- Problem statement: Copy all entries exactly, and wherever an entry holds a picture, leave that picture out.

- Input data:
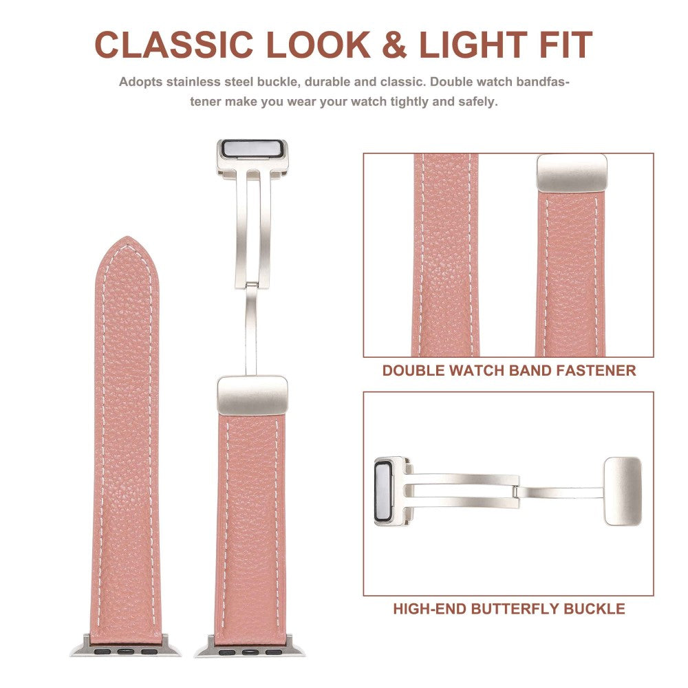 Für Apple Watch Ultra 49mm / Series 7 / 8 45mm / SE / SE (2022) / 6 / 5 / 4 44mm 3 / 2 / 1 42mm Texturiertes Armband aus echtem Leder mit Schnellverschluss und Faltschließe - Deep Pink Hergestellt aus hochwertigem echtem Leder, angenehm zu tragen und leicht mit deinem täglichen Outfit zu kombinieren Das Material ist unbedenklich für die menschliche Haut und nicht allergisch,und die Schließe ist aus hochwertigem, langlebigem Material Hochwertige Faltschließe, mit der du das Armband ganz einfach an dein Handgelenk anpassen kannst Es gibt verschiedene Farben zur Auswahl, du kannst dein Lieblingsarmbandfür verschiedene Stilrichtungen wählen Ein idealer Ersatz für dein altes, kaputtes Armband.Geeignet für Arbeit, Freizeit oder andere tägliche Anlässe für Frauen/Männer Technische Daten Material:Echtes Leder Größe: 120mm+96mm Handgelenkumfang:160mm-220mm Kompatibel mit: Apple Watch Serie 1 42mm Apple Watch Serie 2 42mm Apple Watch Serie 3 42mm Apple Watch Serie 5 44mm Apple Watch Serie 4 44mm Paket enthalten: 1 x Armband Andere Artikel nicht enthalten
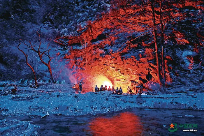 夜幕来临,部队终于行到一处背风的山坳,目前这个不到50经常米的豁达地将是民众的宿营点。燃烧篝火,驰驱了一整天的官兵开动休整。
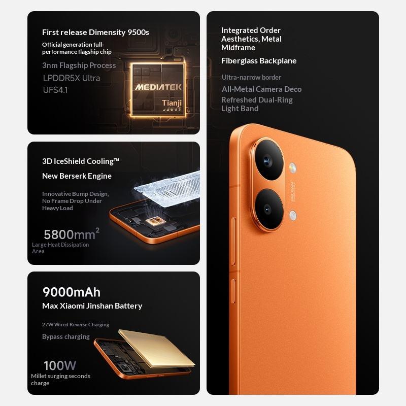 New 2026 Orignal Redmi Turbo 5 Max Smart Phone With Dimensity 9500S AMOLED 120Hz 1.5K Display 9000mAh 100W Charging
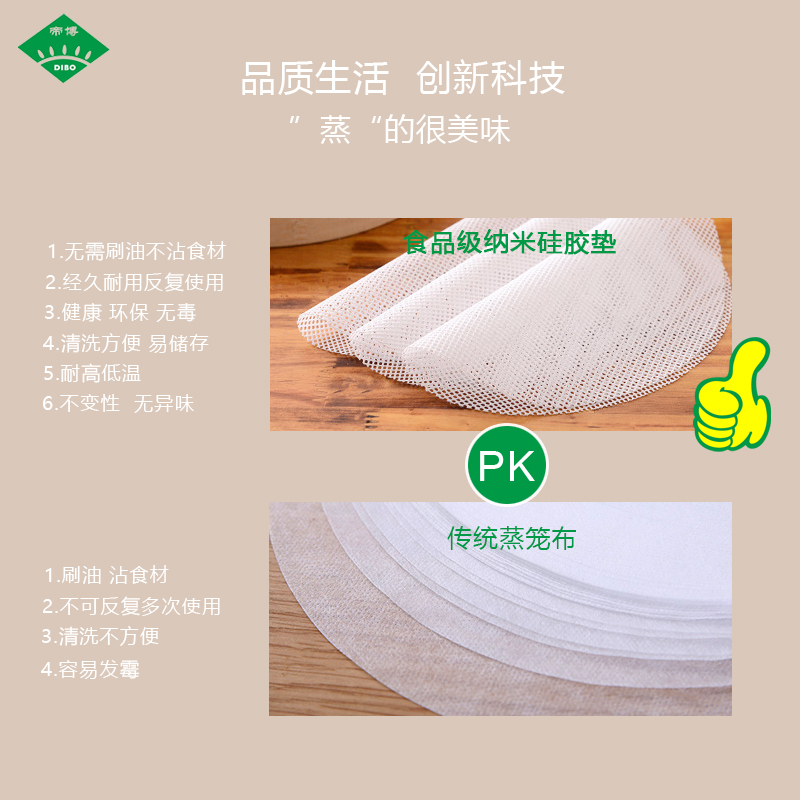 食品级纳米硅胶垫具有耐高温耐低温,不开裂,防腐蚀性,安全,柔软,弹性好,耐扭结而不变形,是一种新型环保材料,通过食品卫生部门检查,有相关安检证书,放心使用。表面涂层采用进口食品级硅胶(耐高低温-40度—230度),基材使用的是高品质涤纶纤维布。
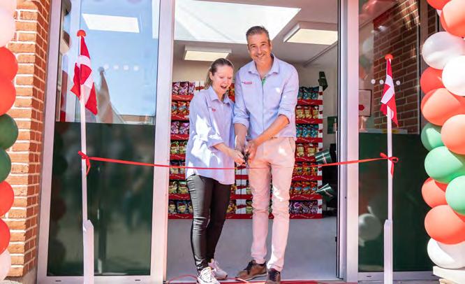 Derefter stod dem på officiel åbning, hvor Tanja og Jens klippede den røde snor til stor begejstring for de mange fremmødte gadbjergborgere, der klappede det nye

- Response box:
 Für Apple Watch Ultra 49mm / Series 7 / 8 45mm / SE / SE (2022) / 6 / 5 / 4 44mm 3 / 2 / 1 42mm Texturiertes Armband aus echtem Leder mit Schnellverschluss und Faltschließe - Deep Pink Hergestellt aus hochwertigem echtem Leder, angenehm zu tragen und leicht mit deinem täglichen Outfit zu kombinieren Das Material ist unbedenklich für die menschliche Haut und nicht allergisch,und die Schließe ist aus hochwertigem, langlebigem Material Hochwertige Faltschließe, mit der du das Armband ganz einfach an dein Handgelenk anpassen kannst Es gibt verschiedene Farben zur Auswahl, du kannst dein Lieblingsarmbandfür verschiedene Stilrichtungen wählen Ein idealer Ersatz für dein altes, kaputtes Armband.Geeignet für Arbeit, Freizeit oder andere tägliche Anlässe für Frauen/Männer Technische Daten Material:Echtes Leder Größe: 120mm+96mm Handgelenkumfang:160mm-220mm Kompatibel mit: Apple Watch Serie 1 42mm Apple Watch Serie 2 42mm Apple Watch Serie 3 42mm Apple Watch Serie 5 44mm Apple Watch Serie 4 44mm Paket enthalten: 1 x Armband Andere Artikel nicht enthalten
 夜幕来临,部队终于行到一处背风的山坳,目前这个不到50经常米的豁达地将是民众的宿营点。燃烧篝火,驰驱了一整天的官兵开动休整。
 New 2026 Orignal Redmi Turbo 5 Max Smart Phone With Dimensity 9500S AMOLED 120Hz 1.5K Display 9000mAh 100W Charging
 食品级纳米硅胶垫具有耐高温耐低温,不开裂,防腐蚀性,安全,柔软,弹性好,耐扭结而不变形,是一种新型环保材料,通过食品卫生部门检查,有相关安检证书,放心使用。表面涂层采用进口食品级硅胶(耐高低温-40度—230度),基材使用的是高品质涤纶纤维布。
 Derefter stod dem på officiel åbning, hvor Tanja og Jens klippede den røde snor til stor begejstring for de mange fremmødte gadbjergborgere, der klappede det nye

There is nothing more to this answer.